* ASSIGNMENT:
Repeat what the lines below say, word for word, and skip every image.

* EXERCISE DATA:

BEGIN

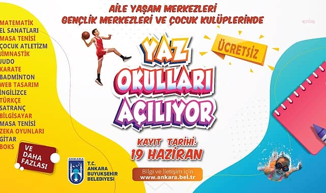 Yaz Okulu ile ilgili etkinlik bilgileri ve ilgili yaş grupları ile iletişim bilgilerine, “https://www.ankara.bel.tr” adresinden ulaşılabiliyor.
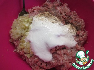 Фарш с рисом+соль+перец+0,5 стак. сметаны+обжаренный лук =
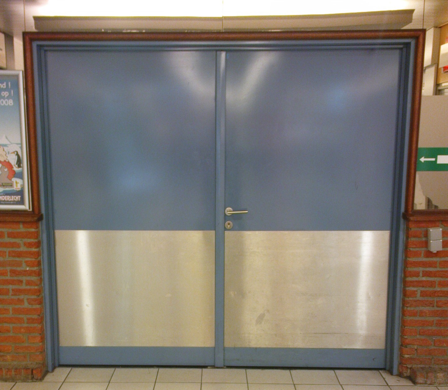 Ontworpen door : met een overlapping aan drie zijden en een dikte van ongeveer 60 mm. Ze zijn gemaakt van dubbelwandige massieve deurpanelen, bestaande uit twee 15/10 elektrolytisch verzinkte platen per vleugel.

END

* SOLUTION BELOW:
 Yaz Okulu ile ilgili etkinlik bilgileri ve ilgili yaş grupları ile iletişim bilgilerine, “https://www.ankara.bel.tr” adresinden ulaşılabiliyor.
 Фарш с рисом+соль+перец+0,5 стак. сметаны+обжаренный лук =
 Ontworpen door : met een overlapping aan drie zijden en een dikte van ongeveer 60 mm. Ze zijn gemaakt van dubbelwandige massieve deurpanelen, bestaande uit twee 15/10 elektrolytisch verzinkte platen per vleugel.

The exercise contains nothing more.